Frasier Cain: So physicists have finally come to realize how everything is mostly connected, how electro-magnetism, the strong and weak nuclear forces, are really just aspects of the same thing, what all the particles are and how they interact. This is known as the standard model, and it’s the theory that gives us our best understanding of the underlying laws of nature, except for gravity. Don’t worry about gravity. Pay no attention to the gravity. Pamela, so the standard model. When you introduce the standard model in your classes, how do you sort of typically bring that up?
Pamela Gay: See I’m lucky, I teach the intro to physics classes, and so I don’t have to go there. It makes it quite simple. In my universe there are electrons and protons and neutrons and we avoid everything else other than the photons.
Frasier Cain: And they’re just little solar systems with little atoms zipping around in little circles?
Pamela Gay: Not quite, because I do address the fact that electron orbitals are not these perfect little ellipses like planetary orbitals, but rather are clouds of probability of this is where an electron should be. But yeah, we get to have it much more simplistic at the introductory level, which is really Newton’s physics with a little bit of Einstein thrown in, but none of this quantum mechanics.
Frasier Cain: But when you fill in for the physics teacher who is handling, for example, the standard model, do you start by just telling everybody in the class that their whole life is a lie, that everything they thought was true was not true, that what they think is matter, you know, and what they think is photons and what they think, it’s all connected in ways they can barely even imagine?
Pamela Gay: No, because that would be mean, and the reality is that the standard model doesn’t break any of our basic understandings of physics. The standard model is out there as basically a framework that you can plug all of the known particles into and, conveniently enough, it doesn’t require anything we haven’t discovered, and while there are a few things that should exist that don’t seem to fit into the existing standard model very well, like dark matter.
Frasier Cain: Gravity.
Pamela Gay: Well yes, gravity is sitting off to the side going, “Hello, I’m something else.” But for the most part, the standard model is that good, solid framework for putting together literally all the little bits and pieces of our universe within one conceptual understanding. And there’s something highly pleasing about it, because it’s this beautifully symmetric diagrammed out theory where you have different generations of particles of increasing mass and decreasing stability as you go and there’s symmetry where you have the electron and the electron neutrino and the muon neutrino. And all of these symmetries and all of these ways that seem to beautifully mirror across the different ways of having charge, of having color, of having all the different characteristics of particles, it’s just pleasing. It’s a pleasing theory.
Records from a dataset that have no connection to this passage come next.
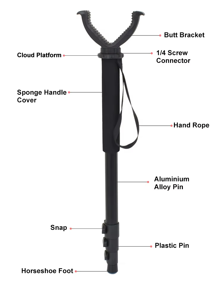 Pertsonalizazio pertsonalizatua V formako uztarri birakaria/aluminio aleaziozko tripodearen euskarria Ehiza tiro egiteko makila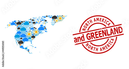 Weather mosaic map of North America and Greenland, and textured red round seal. Geographic vector composition map of North America and Greenland is created with scattered rain, cloud, sun,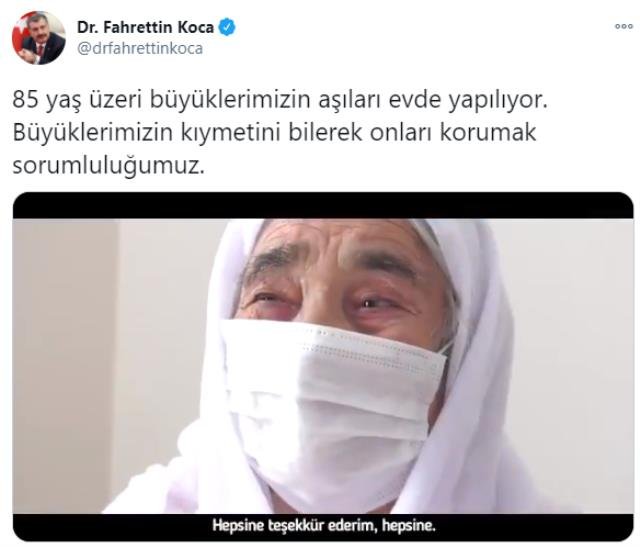 Bakan Koca, Twitter hesabındaki paylaşımında, Kovid-19 aşıları evlerinde yapılan 85 yaş ve üstündeki vatandaşlara ilişkin, “85 yaş üzeri büyüklerimizin aşıları evde yapılıyor. Büyüklerimizin kıymetini bilerek onları korumak sorumluluğumuz” değerlendirmesinde bulundu.

Frasier Cain: I can just imagine what it must have been like when scientists as they were doing the math and realized that you could sort of pull out pieces and replace them and it all started to come together into one big mathematical formula, and that you’re just looking at the different objects in different ways. So what is, then, the standard model? What is your definition when you explain it to people?
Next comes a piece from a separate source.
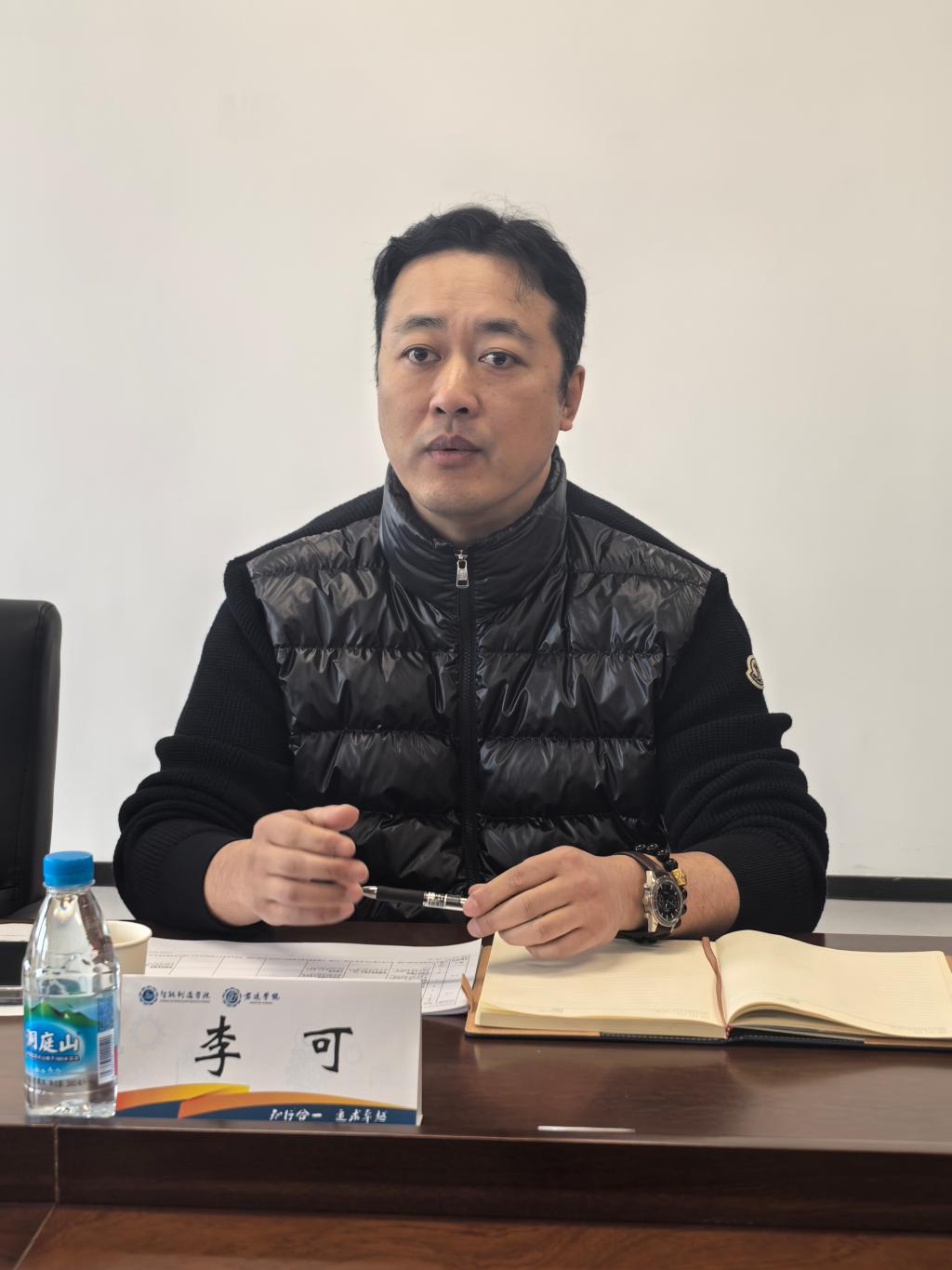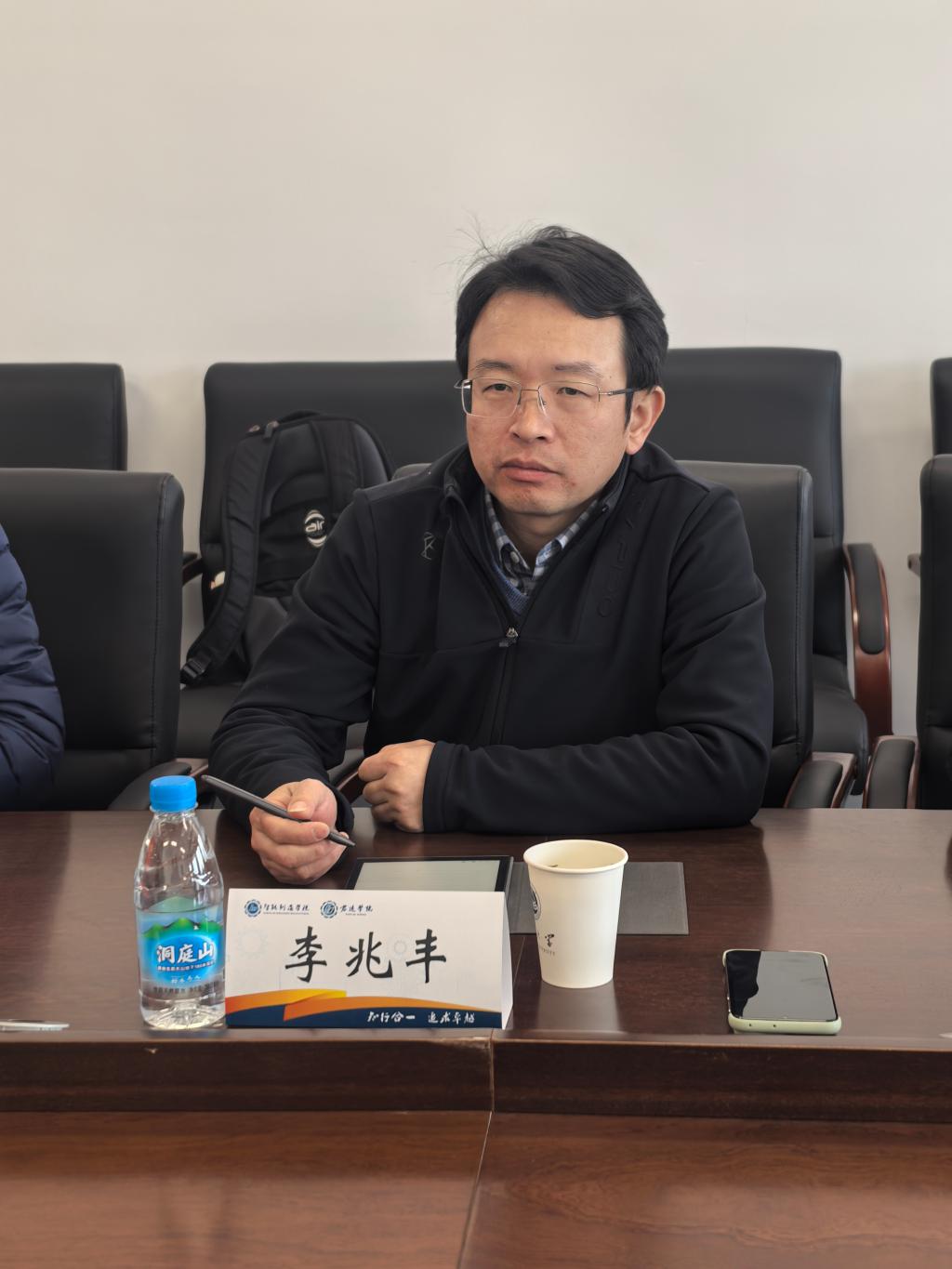 李可首先对李兆丰一行的到来表示热烈欢迎,对教务处给予公司本科教学的支持表示由衷感谢。随后,李可从公司招生工作、教学组织、专业及课程建设、教学改革等方面汇报本科教学情况,包括不断优化教师发展与团队建设、开展创新创业教育,大胆实践产学研融合等。他同时指出面临的难题和挑战,例如“君远卓越创新班”的初创和发展需要更加完善的政策与相关配套支持、产教融合和 AI 智能对教学的助推压力、教学实验筹备紧张、名师储备不足、青年教师培养周期较长、跨院合作有待进一步畅通等。

Pamela Gay: Well the standard model, most simplistically, is the way that we organize the standard particles that make up our universe. It’s how we look at the way up and down quarks add up to make electrons that have their partner, the electron neutrino, and they also work together to build the proton, and so out of these two quarks. We’re able to get at all the stable things that make up our everyday interactions that you have charm and strange that add up to build the muon, and then you have the muon neutrino. Sorry, up and down do not build the electron, they build the proton, but they’re part of the family with the electron, and charm and strange are part of the family with the muon. And we just have these beautiful symmetries as we go through, and then you end up with bosons as well that are another set of partner particles, and these are the ones that carry the force that hold together these particles in all of these different ways. And it’s literally just a framework and we plug the things into the framework and the math works out and the displeasing part of it is while it’s like a puzzle that comes beautifully packaged that you dump it out on the table and you put everything together and it fits, just like there’s absolutely no reason that one puzzle should have The Hobbit on it and another puzzle should have the Mona Lisa, there’s absolutely no reason that this particular puzzle should shape out our universe.
It is filled with a bazillion, by which I mean a few dozen, constants that are just kind of, “The universe said this is what the constant should be.”
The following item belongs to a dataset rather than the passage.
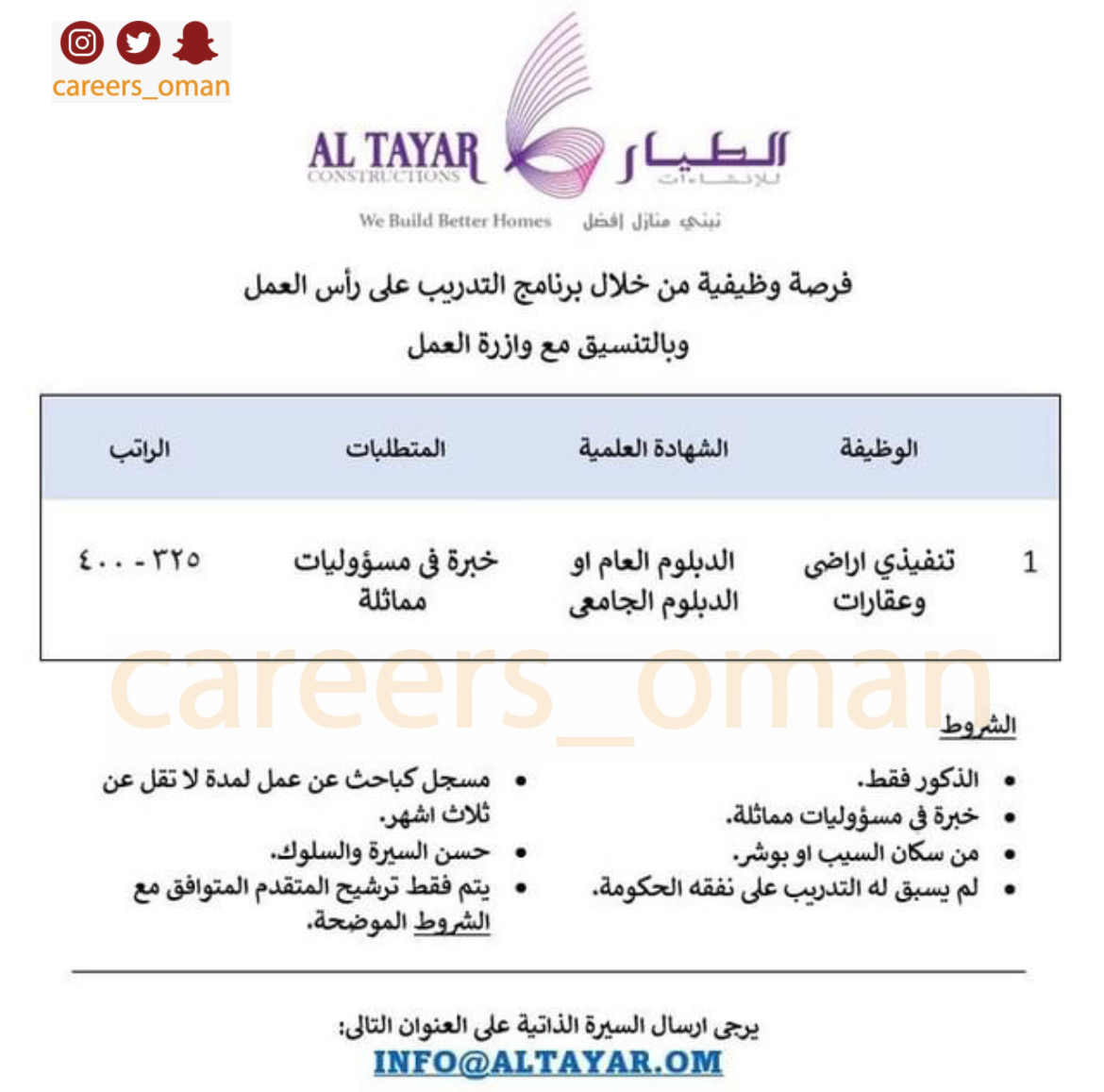 الاحد 26 / 12 / 2021 - الطيار للانشاءات - وظيفة شاغرة ( تنفيذي أراضي وعقارات تدريب على رأس العمل )

Frasier Cain: Alpha is this.
Pamela Gay: Yeah, so there’s a whole lot of, “The universe simply says this is what it should be,” that we can’t mathematically explain and that makes a lot of people really uncomfortable. They want there to be an underlying these masses must have these values because of this underlying physics and these things must have these constants because of this underlying physics, and the standard model is like, “Nope, I’m good.”
Frasier Cain: Right. Here’s the part where you multiply everything by 1.0296418, because. That’s the math. So then let’s go top down. So let’s look at, like we know that houses and trees and cars and stuff are made of molecules, and the molecules are made of atoms. And the atoms are made of?
Pamela Gay: They are made up of things called leptons. So this is where we have electrons are the stable ones that show up in atoms, and outside of the atom we also find muons and tau particles that crop up, and these are all part of that lepton family. And mediating a lot of these interactions are their partner neutrinos, the electron, muon, and tau neutrinos. So that’s that first order of stable particles.
Frasier Cain: Right, so when I think of, we think of the proton and the neutron in the nucleus and we think of the electrons in this probability shell around the – now you can’t break the electron down any further, right?
Pamela Gay: No.
Frasier Cain: It’s a fundamental particle. Okay.
Pamela Gay: No, the electron, the muon, and the tau particle are just fine where they are, and so are their matching neutrinos.
Frasier Cain: Right, and so you’ve got the, in the center of the atom, you’ve got that nucleus, you’ve got the protons and the neutrons in whatever configuration, and those can then be made up of, they’re made up of smaller particles, right?
Pamela Gay: Yes, those are made up of the quarks, and in particular, everything, again, with the symmetry of all the stable stuff, falls into the first generation of particles, those protons and neutrons are both made up of the up and down quarks. So we have up and down quarks make up the protons and the neutrons, and then in that same first generation, we have the electrons that orbit that nucleus made of protons and neutrons, and mediating the interactions we have the electron neutrino, and its anti-particle, the anti-electron neutrino.
Frasier Cain: Now when you say mediating those interactions, what does that mean?
Pamela Gay: Well, so for instance we have the decay process by which a neutron, if you try and leave it out on a shelf all by itself, it will decide, “I would rather be a proton and an electron.”
Frasier Cain: Because who wouldn’t?
Pamela Gay: Exactly, exactly. Everyone wants to be excited with charge, and a neutron is just not excited with charge. So the process by which it changes its identity from being not neutron to being a proton and an electron, you have to conserve all of the little bits, and part of conserving all of the little bits is you have an anti-electron neutrino that goes off and is taking care of things that otherwise wouldn’t be properly conserved.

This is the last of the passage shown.